Dirichlet problems and exit distributions for the telegraph process and its planar extensions

TL;DR

This paper analyzes boundary-value problems for the telegraph process and its planar extensions, deriving equations for exit distributions and mean exit times, and connecting results to Brownian motion in the hydrodynamic limit.

Contribution

It introduces new Dirichlet problems for finite-velocity models and extends analysis to planar cases with explicit solutions in certain geometries.

Findings

Derived Dirichlet problems for the telegraph process with and without drift.

Extended analysis to planar finite-velocity models with explicit solutions.
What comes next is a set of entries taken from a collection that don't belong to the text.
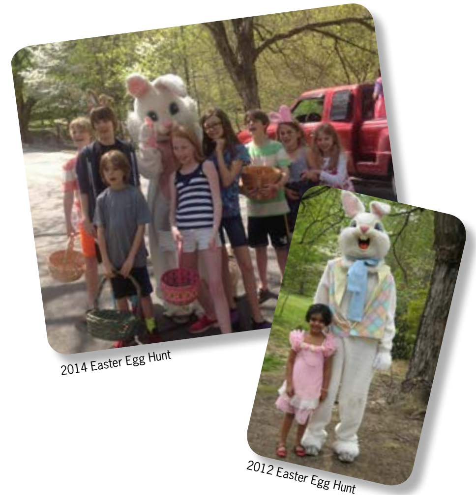
2014 Easter Egg Hunt
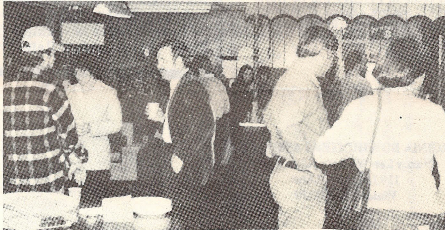
INDOOR LEAGUE BANQUET
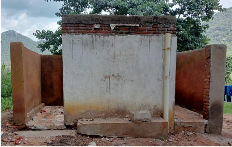
Old and new bathrooms.

Below is a selection of photos demonstrating the impact your gift made possible.
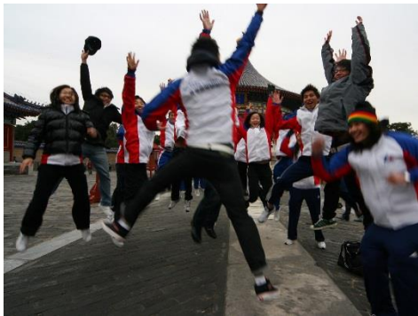
北京天壇 Beijing Tiantan
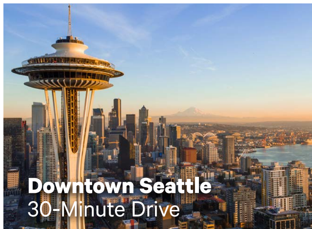
Downtown Seattle 30-Minute Drive
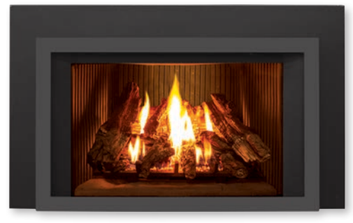
BORDERVIEW Available for the E30 & EX32 Powder Coated Grey
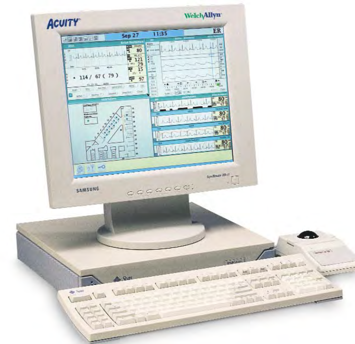
When you network your Propaq Encore monitors to the Acuity Central Monitoring Station, you'll see a map of your department, including up to 60 monitored patients, their status and location.
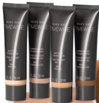
TimeWise® Matte 3D Foundation
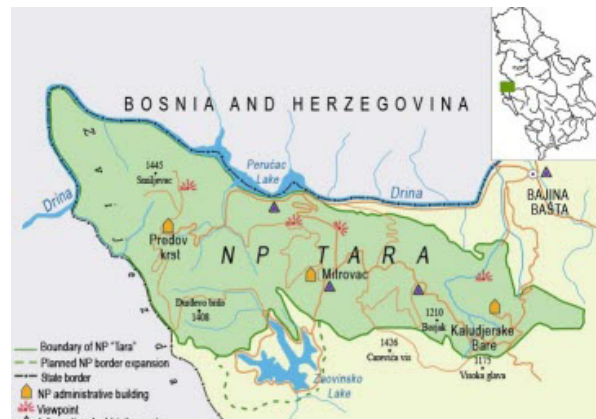
Figure 1. Map and position of the National Park Tara in Western Serbia

The National Park Tara covers most of the mountainous Tara region in the far west of Serbia, on the border with Bosnia and Herzegovina (Republic of Srpska). Tara is linked by the Drina valley from the north and west, the Rzav valley from the southwest, and by the Kremna valley from the south that separates it from the Zlatibor plateau. Mountain space is a unique geographic unit, about 45 km long and up to 18 km wide in the central part of the mountain and the average altitude of 1 200 m (Figure 1).
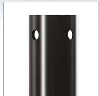
Features safety bolt holes at the top and bottom for secure installation
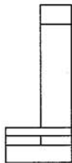
RL325 SCREW NOT SHOWN FOR CLARITY RAPID START LAMP HOLDER
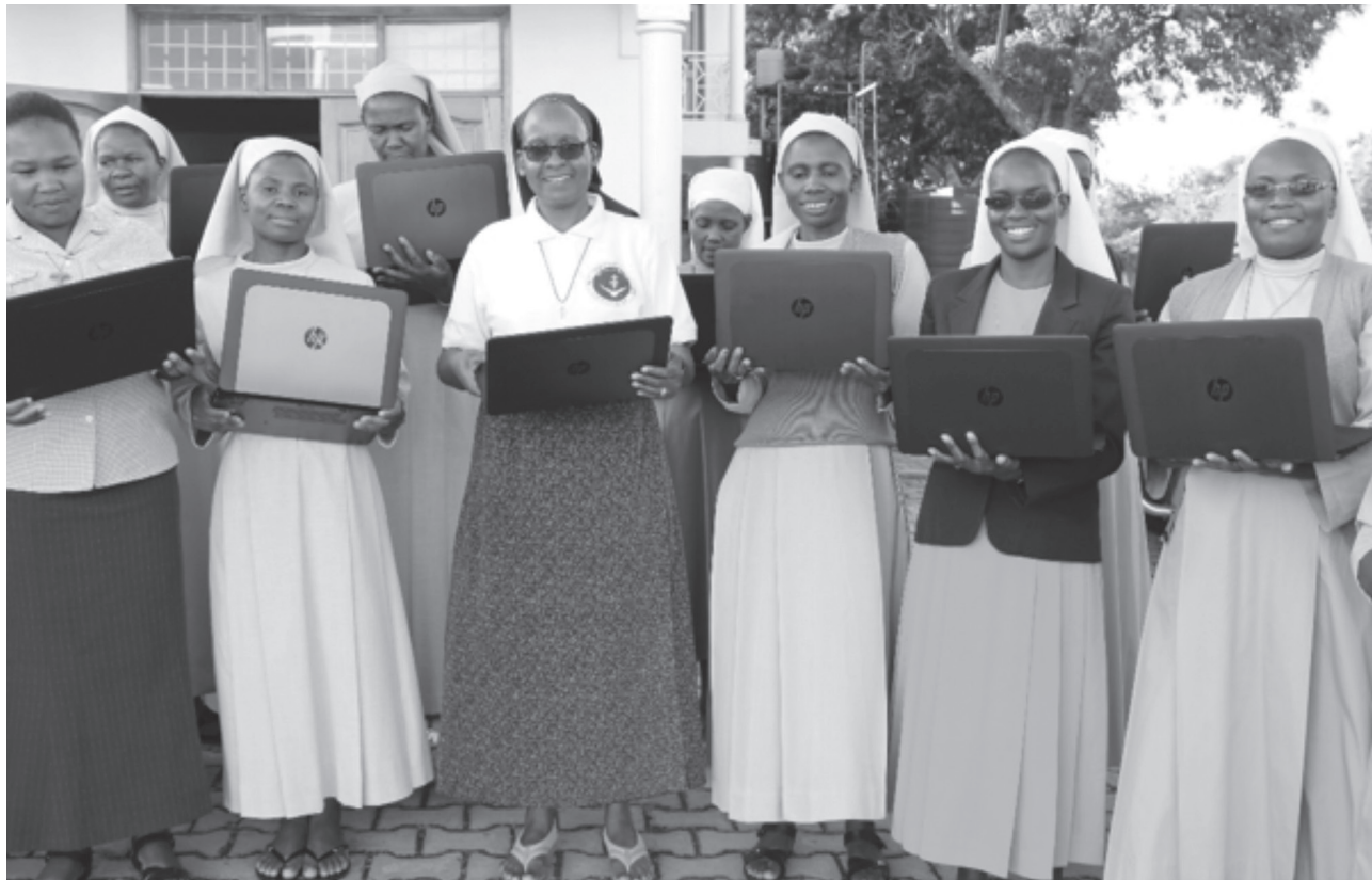
FIGURE 4. SLDI PARTICIPANTS HAPPILY HOLDING THEIR NEW LAPTOPS

Through its research program, ASEC investigates different elements of the experiences of African religious communities. Some of the findings were published in a book "Voices of Courage". ASEC's efforts to educate and to equip African sisters with innovative skills and knowledge have been augmented in their latest "scholar exchange" program. This exchange allows sisters from Africa to visit the Center for Applied Research in the Apostolate (CARA) for six months at a time, to acquire training in applied social science research that they can use at their home country upon their return.
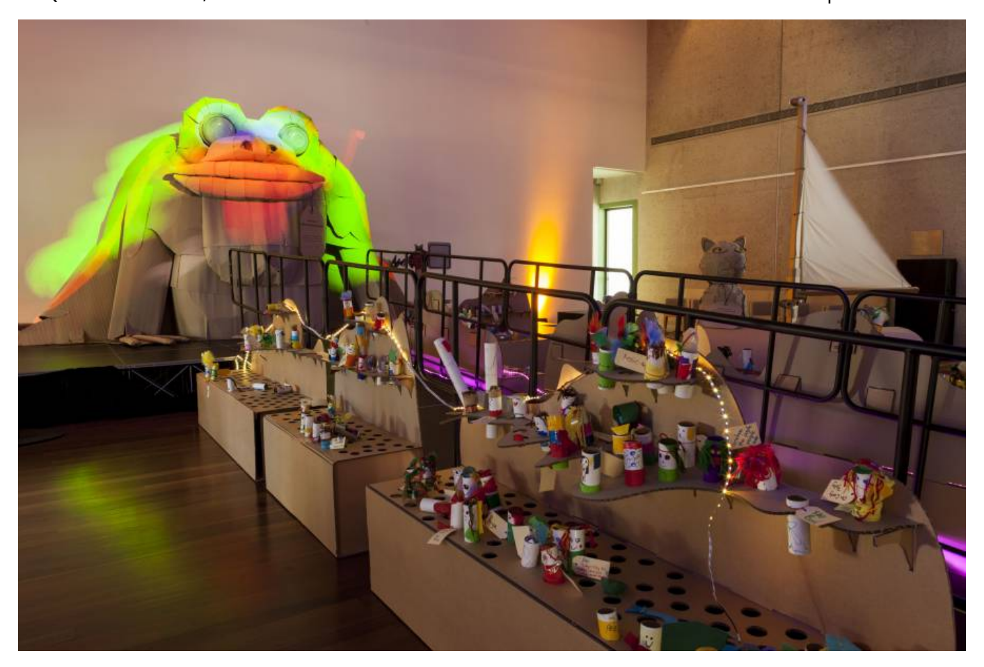
Story #9752 The Moon

Hello down there! It's me (up here). Yes me, the moon. I love to swing and spin and orbit. I love to float high up in the sky. What happens up here, you'd like to know? A big moon dance party. That's what.
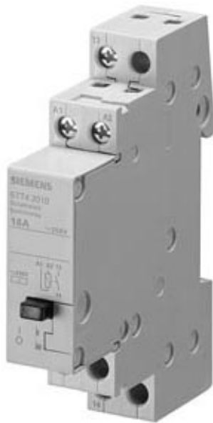
RELAY, N-TYPE WITH 2 NO CONTACT FOR AC 230V 16A CONTROL AC 8V
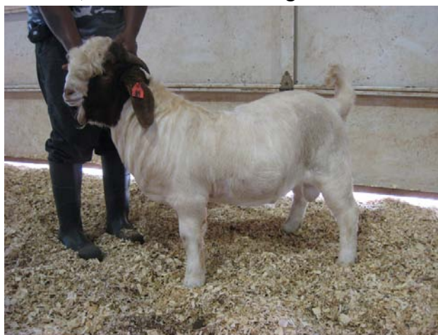
Buck # 47089 was the top-indexing, fastest growing, and eleventh-most feed efficient buck in the 2009 buck performance test.
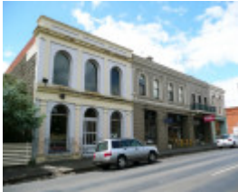
SHOPS SOHE 2008
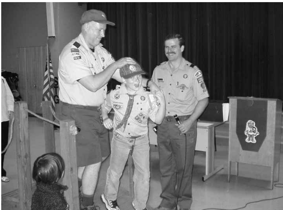
Fun and excitement fill the room at the May Pack Meeting Graduation Ceremonies.
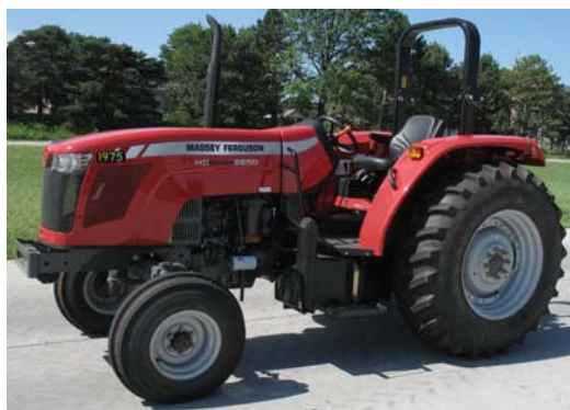
MASSEY FERGUSON 2650HD Diesel

Institute of Agriculture and Natural Resources University of Nebraska-Lincoln
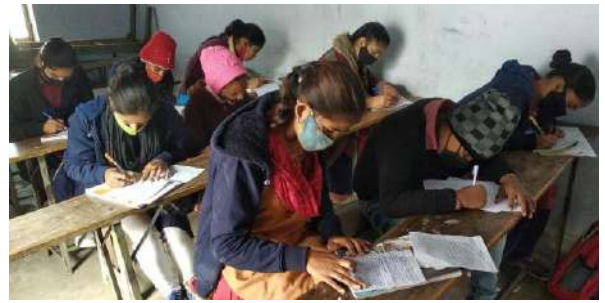
❖ Activities in pictures:
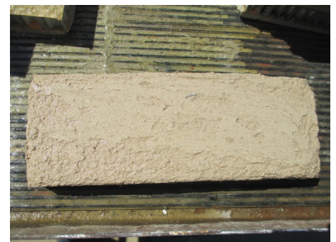
FIGURE 8 More advanced surface spalling of limestone specimen.

Simulated weathering testing that is most often performed is used to evaluate the effect of temperature extremes and freeze/thaw cycles in the presence of moisture on stone durability. For some stone types, durability can be assessed to a certain degree using procedures for evaluating concrete durability outlined in ASTM C666, Standard Test Method for Resistance of Concrete to Rapid Freezing and Thawing .
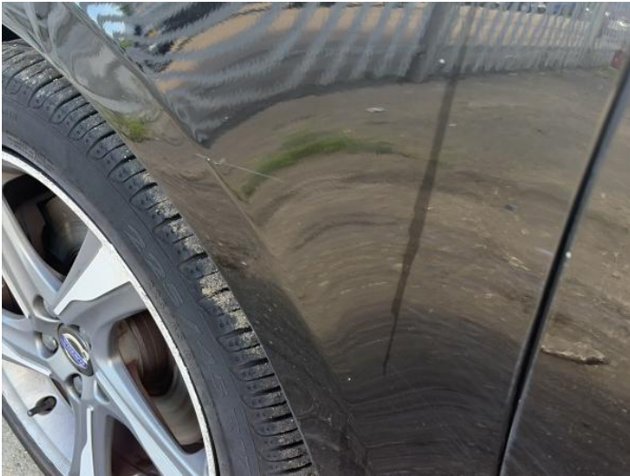
15: Wing nsf Scratched Over 25mm Thru Paint
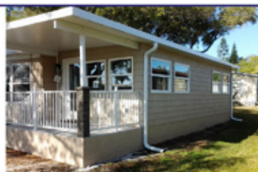
Mobile Home Repair & Remodeling. Specializing in Kitchens, Baths, Room Additions & Flooring
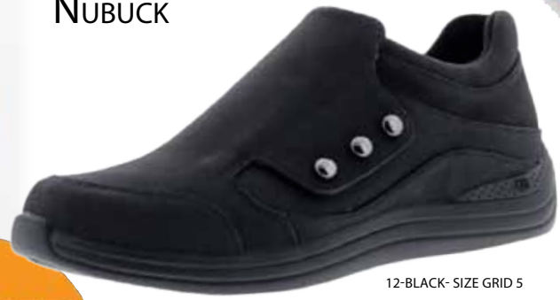
12-BLACK- SIZE GRID 5
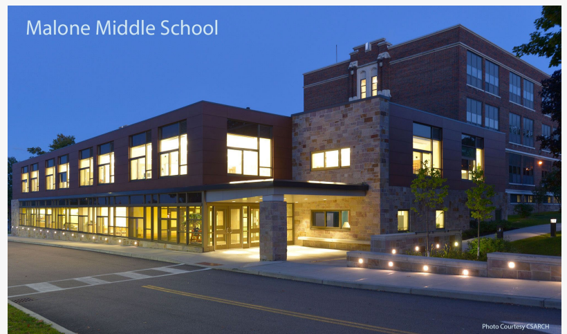
Malone Middle School

Energia means maximum energy savings guaranteed
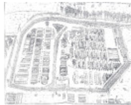
h02048 camp 1 dhurringile site plan
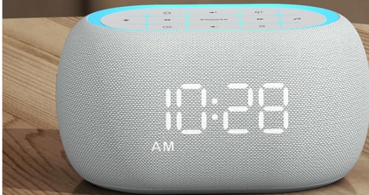
Image: Key features of the alarm clock, including the number of ringtones, dimmer functionality, and volume control.
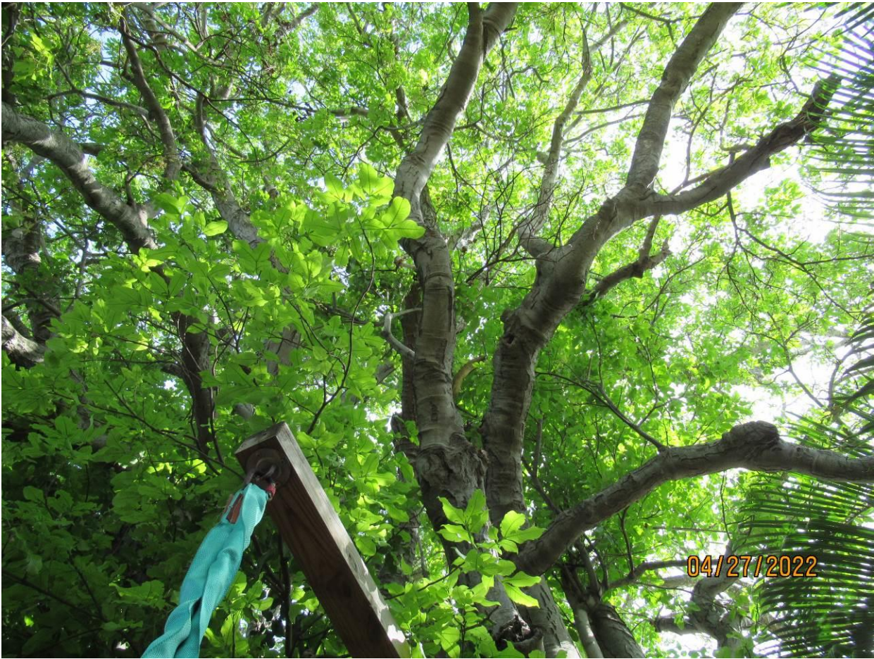
Photo of canopy branch structure, view 3.

Showed convergence of equations to Brownian motion results in the hydrodynamic limit.

Abstract

In this paper, we study boundary-value problems describing the exit distribution of finite-velocity random motions from prescribed domains. For the standard telegraph process, with and without drift, we derive the Dirichlet problems governing the exit point and mean exit time from a closed interval. We then extend the analysis to a planar finite-velocity model with orthogonal directions, for which we obtain the associated Laplace and Poisson-type equations for the exit distribution and mean exit time. In the special case of an infinite strip, explicit solutions are obtained. In all cases, we show that our equations and results converge, in the hydrodynamic limit, to the corresponding ones for Brownian motion.